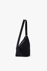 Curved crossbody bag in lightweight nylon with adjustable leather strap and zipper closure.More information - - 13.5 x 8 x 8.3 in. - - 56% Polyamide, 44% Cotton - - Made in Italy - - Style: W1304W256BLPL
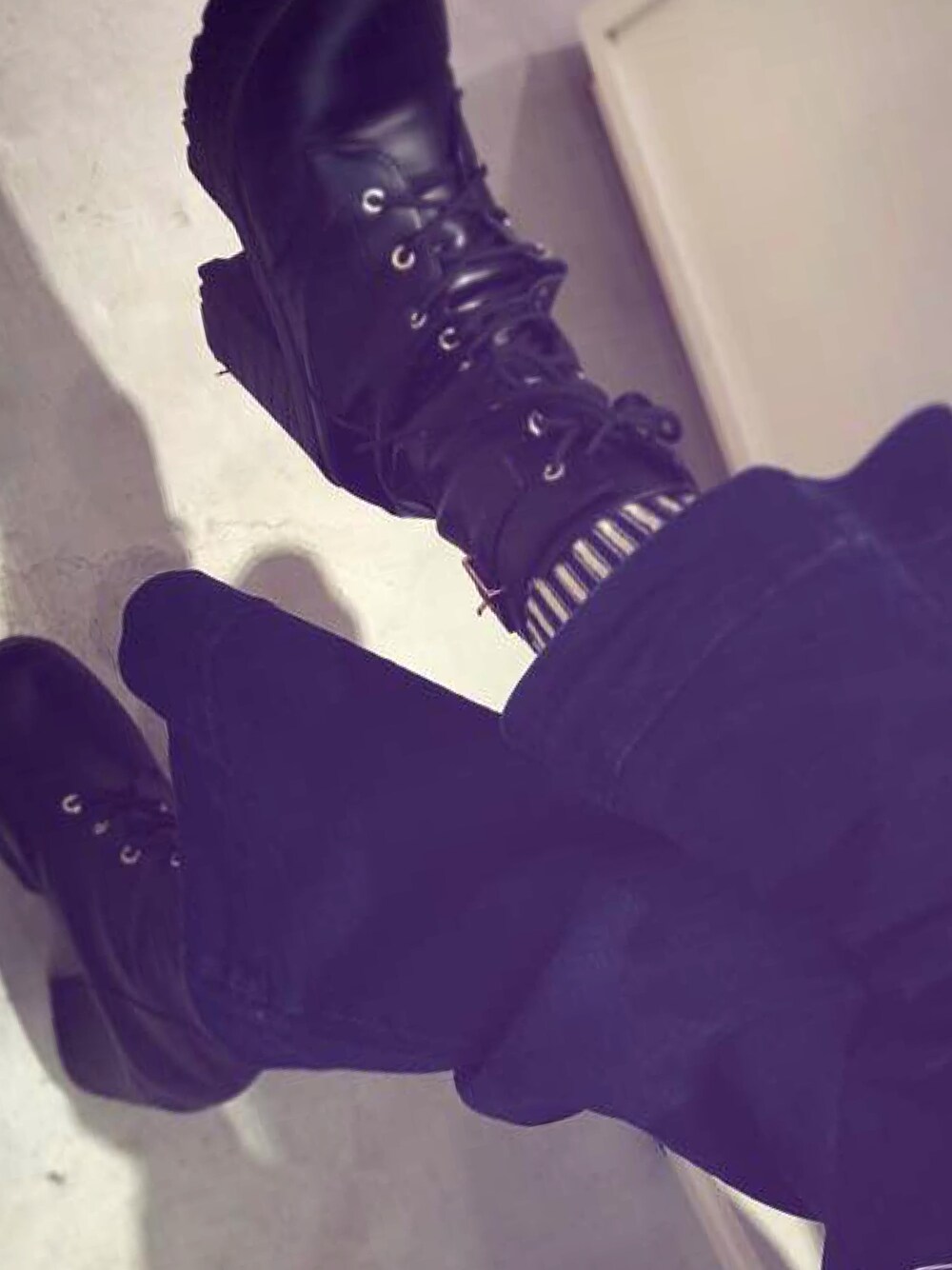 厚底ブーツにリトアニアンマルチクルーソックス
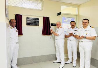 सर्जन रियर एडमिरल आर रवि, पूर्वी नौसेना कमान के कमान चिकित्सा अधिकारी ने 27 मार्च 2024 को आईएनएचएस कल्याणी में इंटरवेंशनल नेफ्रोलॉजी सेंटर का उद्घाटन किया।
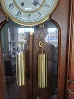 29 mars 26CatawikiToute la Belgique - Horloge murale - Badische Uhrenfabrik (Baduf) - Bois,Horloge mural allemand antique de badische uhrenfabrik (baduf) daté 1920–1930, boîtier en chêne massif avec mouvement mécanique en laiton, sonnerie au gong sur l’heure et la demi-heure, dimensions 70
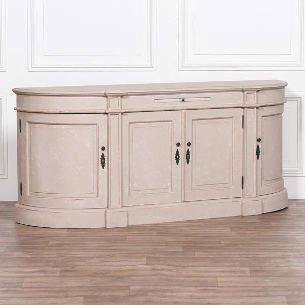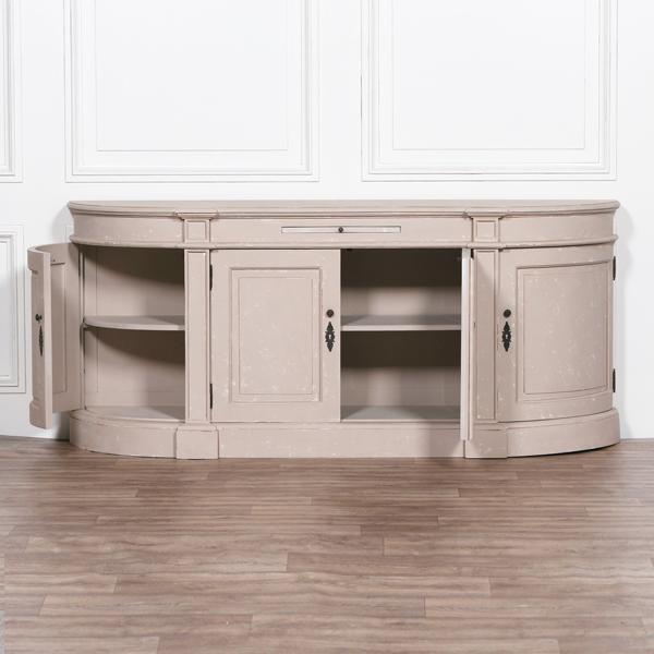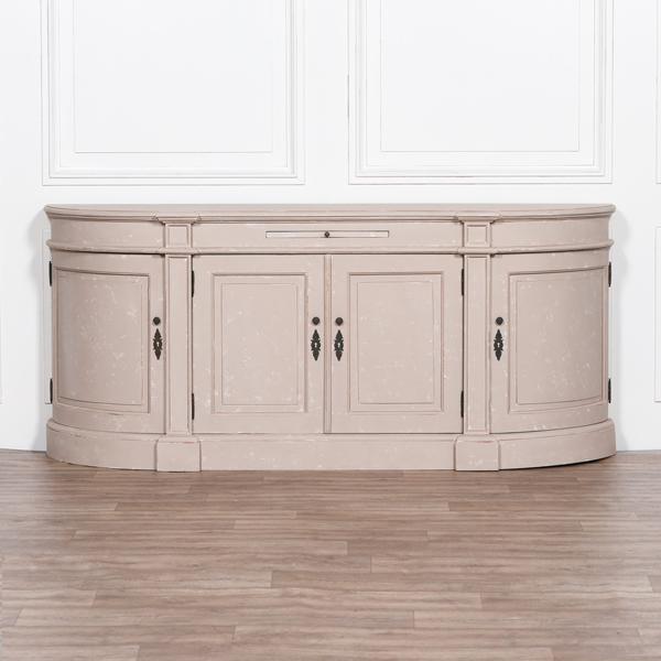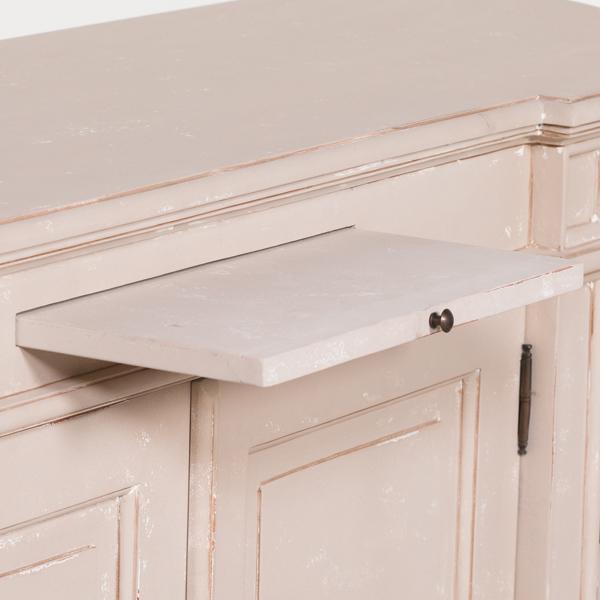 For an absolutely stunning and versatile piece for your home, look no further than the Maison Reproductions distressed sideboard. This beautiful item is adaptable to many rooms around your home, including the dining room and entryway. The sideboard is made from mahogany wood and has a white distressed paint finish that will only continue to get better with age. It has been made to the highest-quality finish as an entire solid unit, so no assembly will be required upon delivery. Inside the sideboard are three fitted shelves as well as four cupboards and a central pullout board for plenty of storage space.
****
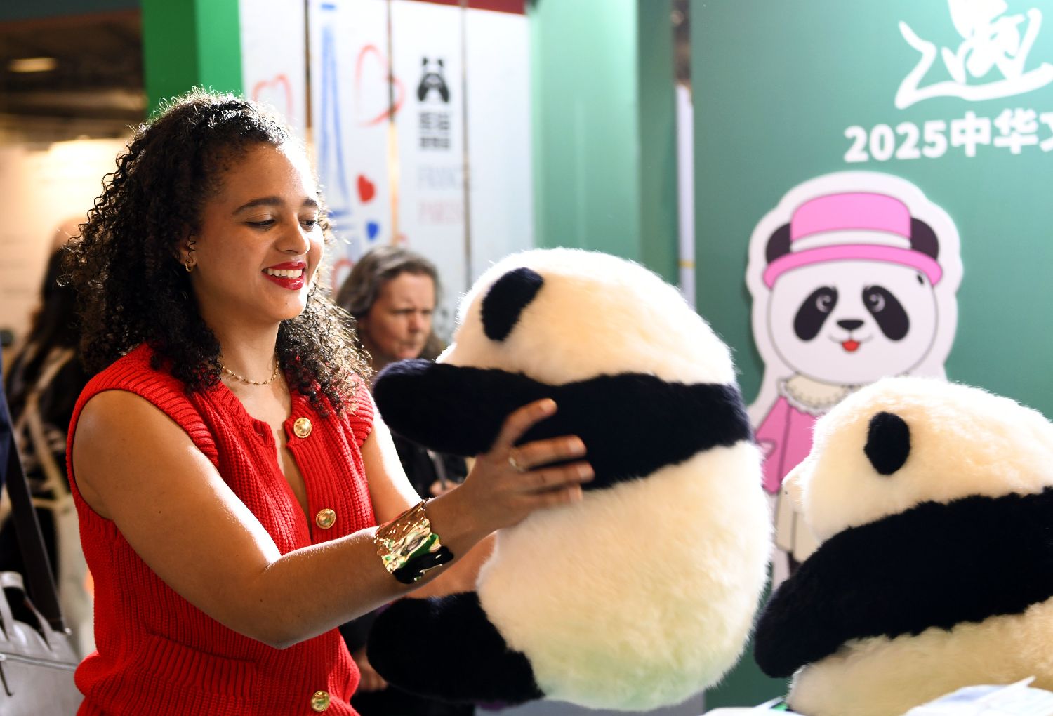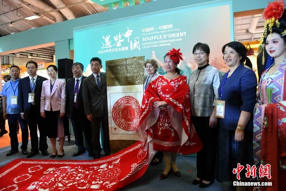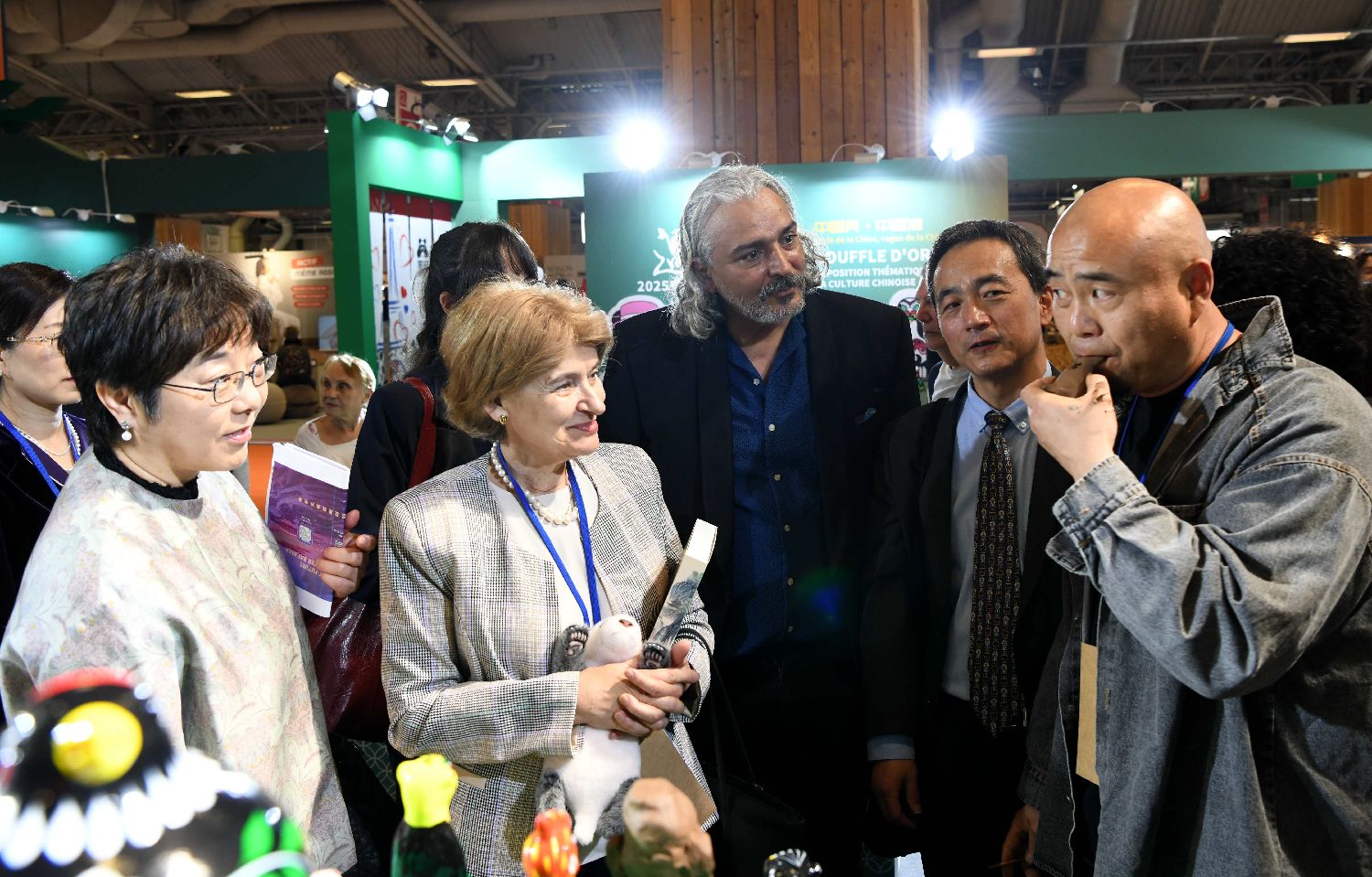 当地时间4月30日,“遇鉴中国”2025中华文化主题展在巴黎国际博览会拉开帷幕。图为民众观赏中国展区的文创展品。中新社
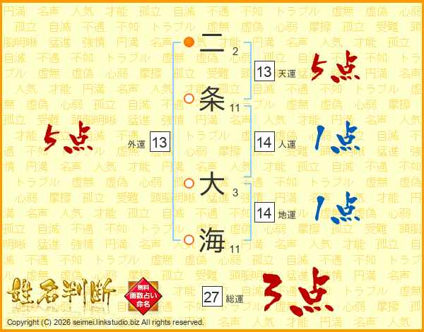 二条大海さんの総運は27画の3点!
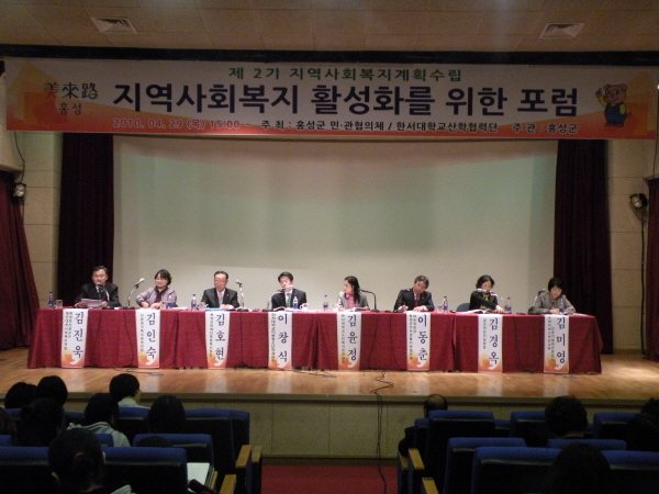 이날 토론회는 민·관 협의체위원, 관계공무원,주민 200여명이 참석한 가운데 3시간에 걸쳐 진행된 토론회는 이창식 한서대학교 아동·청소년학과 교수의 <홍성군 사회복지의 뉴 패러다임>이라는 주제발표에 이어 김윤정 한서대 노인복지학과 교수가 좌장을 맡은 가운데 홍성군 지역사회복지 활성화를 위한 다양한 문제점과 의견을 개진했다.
****
Directions for this task:
Start at the line above containing "厚底ブーツにリトアニアンマルチクルーソックス" and stop at the line containing "29 mars 26CatawikiToute": print those lines and everything between them exactly, but not the pictures.

Solved exercise:
 厚底ブーツにリトアニアンマルチクルーソックス
 सर्जन रियर एडमिरल आर रवि, पूर्वी नौसेना कमान के कमान चिकित्सा अधिकारी ने 27 मार्च 2024 को आईएनएचएस कल्याणी में इंटरवेंशनल नेफ्रोलॉजी सेंटर का उद्घाटन किया।
 29 mars 26CatawikiToute la Belgique - Horloge murale - Badische Uhrenfabrik (Baduf) - Bois,Horloge mural allemand antique de badische uhrenfabrik (baduf) daté 1920–1930, boîtier en chêne massif avec mouvement mécanique en laiton, sonnerie au gong sur l’heure et la demi-heure, dimensions 70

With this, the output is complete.